1.RECONFIGURATIONS OF DESIGN AND COMPUTING IN POSTWAR RESEARCH INSTITUTIONS: I study multidisciplinary academic research projects with an eye on the material, cultural, intellectual, and institutional contexts in which design was, early on, reimagined as a form of computation.
ARCHITECTURE AS COMPUTATION: ACADEMIC RESEARCH NETWORKS AND MOBILITIES OF TECHNICAL PRACTICES
funded by a Social Sciences and Humanities Research Council of Canada (SSHRC) Insight Development Grant
This project is concerned with the visualization and historical analysis of the emergence of a multidisciplinary network of researchers concerned with so-called “rational” approaches to design. It focuses on the Design Methods Group (DMG) Newsletter, a periodical that chronicled cross-disciplinary and cross-institutional transactions, tentative computer experiments, technical languages, controversies, and trends, offering a unique view into an agile intellectual ecology of connections and exchanges.

TOWARD A DIGITAL IMAGINATION
funded by a Social Sciences and Humanities Research Council of Canada (SSHRC) Connection Grant, with co-applicant Daniel Cardoso Llach and collaborators Nicolas Reeves and Gabriela Gabriela Aceves Sepúlveda

This project includes a symposium, a public exhibition, a web platform, and a book that collectively illuminate the twentieth-century emergence of new methods for design representation, simulation, and manufacturing linked to digital computers’ capacities for information processing and display, and reflecting on its contemporary repercussions across architecture, art, and design.
2. VISUAL HISTORIES OF MATHEMATICAL AND ALGORITHMIC INSCRIPTIONS IN DESIGN AND ARCHITECTURE: I investigate ambivalences about shape, appearance, and the perceptual world negotiated upon specific mathematical objects and their visual manifestations.
FORMALISMS: MATHEMATICS, ABSTRACTION, AND DIMENSIONS OF ‘FORM’ IN POSTWAR DESIGN THEORY
funded by the Fonds de recherche du Québec Société et Culture (FRQSC) Etablissement de nouveaux professeurs – chercheurs
This project is a thematically-guided examination of the construction of design formalisms across multiple sites, with the aim to retrieve the hybridity and polyvalence of “form,” to challenge its frequent equation with geometric shape, and to examine its ambivalent relationship with context. Its core is an archival and genealogical examination of three concepts pertaining to, and invoking, “form” (or morphe): morphology (study of form), isomorphism (equality of form), and transformation (change of form).
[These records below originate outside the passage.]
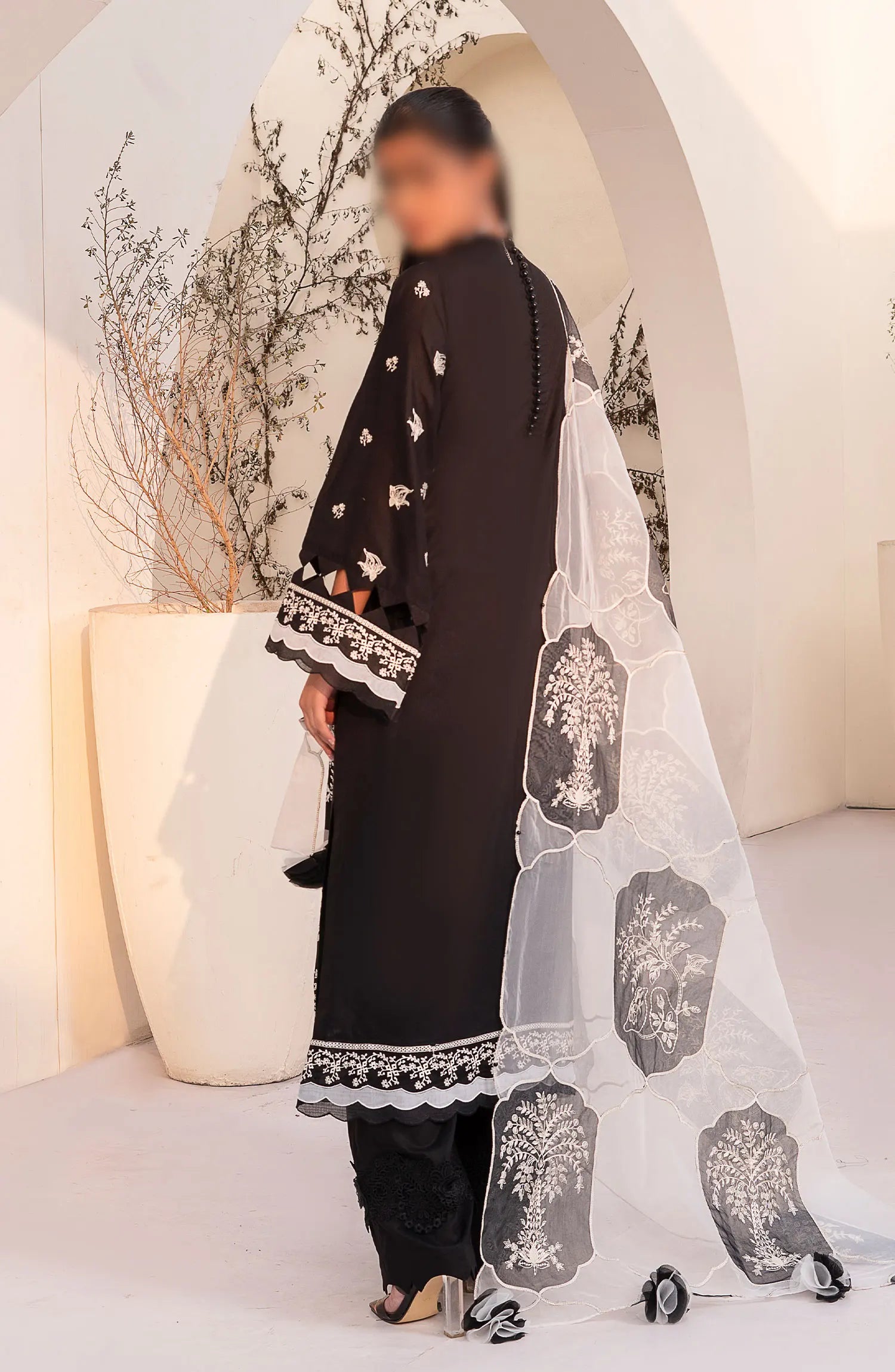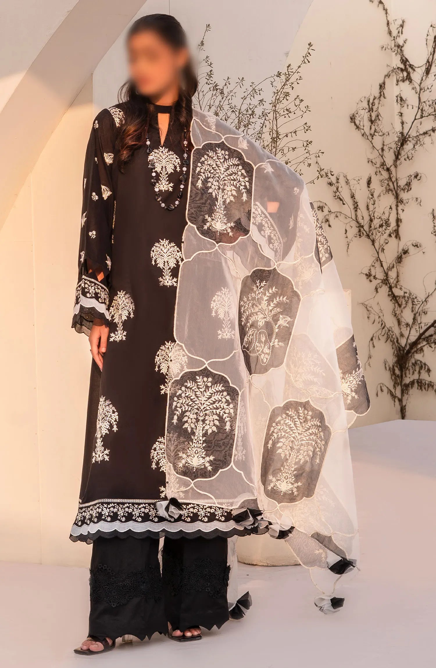 Arzu Unstitched Luxury Lawn Collection 2024 By Humdum has been styled in the image for photography and illustrative purposes.
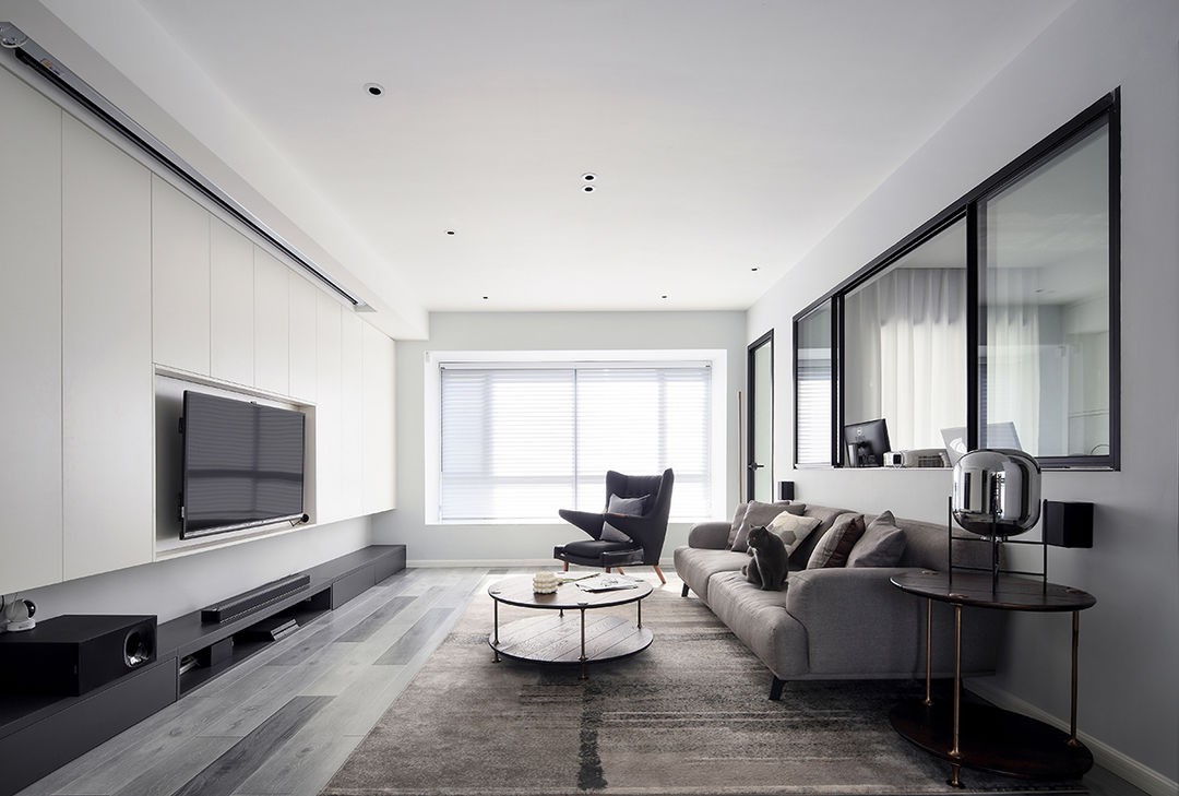 黑白灰为主的空间, 没有过多花俏的装饰, 只有点线面的结合。
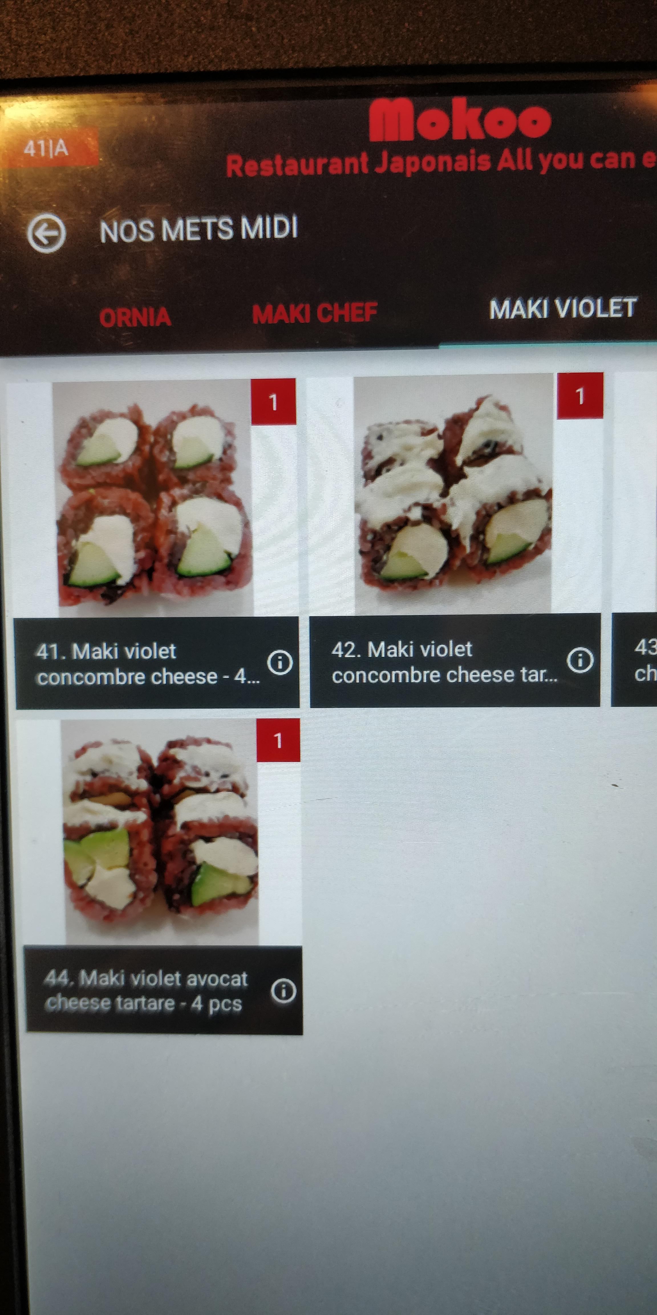 Un restaurant japonais avec un super concept. La carte est directement sur tablette tactile , ce qui permet d'avoir un visuel de ce qu'on commande. Attention quand même , des fois les visuels sont trompeurs. Les plats sont bons, et la possibilité d'en commander à volonté est plutôt pas mal (il y a un délai entre deux commandes ). Côté dessert par contre , ce n'est pas top face a la concurrence mais bon le reste rattrape vraiment ce manque.
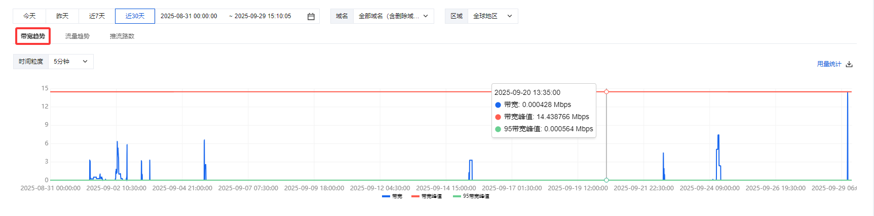 带宽趋势 | 统计所有播放域名在查询的时间段内使用加速服务消耗的总下行带宽峰值。 |

GRAPH VISION: DIGITAL ARCHITECTURE’S SKELETONS
under contract with the MIT Press

My in-progress book tentatively titled Graph Vision: Digital Architecture’s Skeletons constructs an architectural history of graphs as a prehistory of digital architecture. Graphs were drawn, sketched, printed, and etched in the pages of controversial, yet impactful, publications that promised a computational future for architecture: one that relied on precise, transparent methods for processing information, producing form, and anticipating its performances. The book is an iconology of this prolific visual production.
3. IDIOSYNCRATIC INSTRUMENTS FOR DESIGN AND MAKING: This project opens up mathematical and algorithmic techniques embedded in architectural software to scholarly investigation and creative retooling.
Infrastructure provided by a Canada Foundation for Innovation – John E. Evans Leaders (CFI-JELF) Grant
UNFIT ARCHITECTURE
funded by the Summer Undergraduate Research in Engineering Program (SURE)
This project dissects the “design space” – a term used to denote possible configurations of form that are derived from a set of rules and constraints. Instead of outputting optimum or sub-optimum choices, we develop methods for design space visualization and navigation of different historically significant design algorithms and contemporary plugins so as to showcase “unfit” candidates and validate them as potentially desirable by a designer.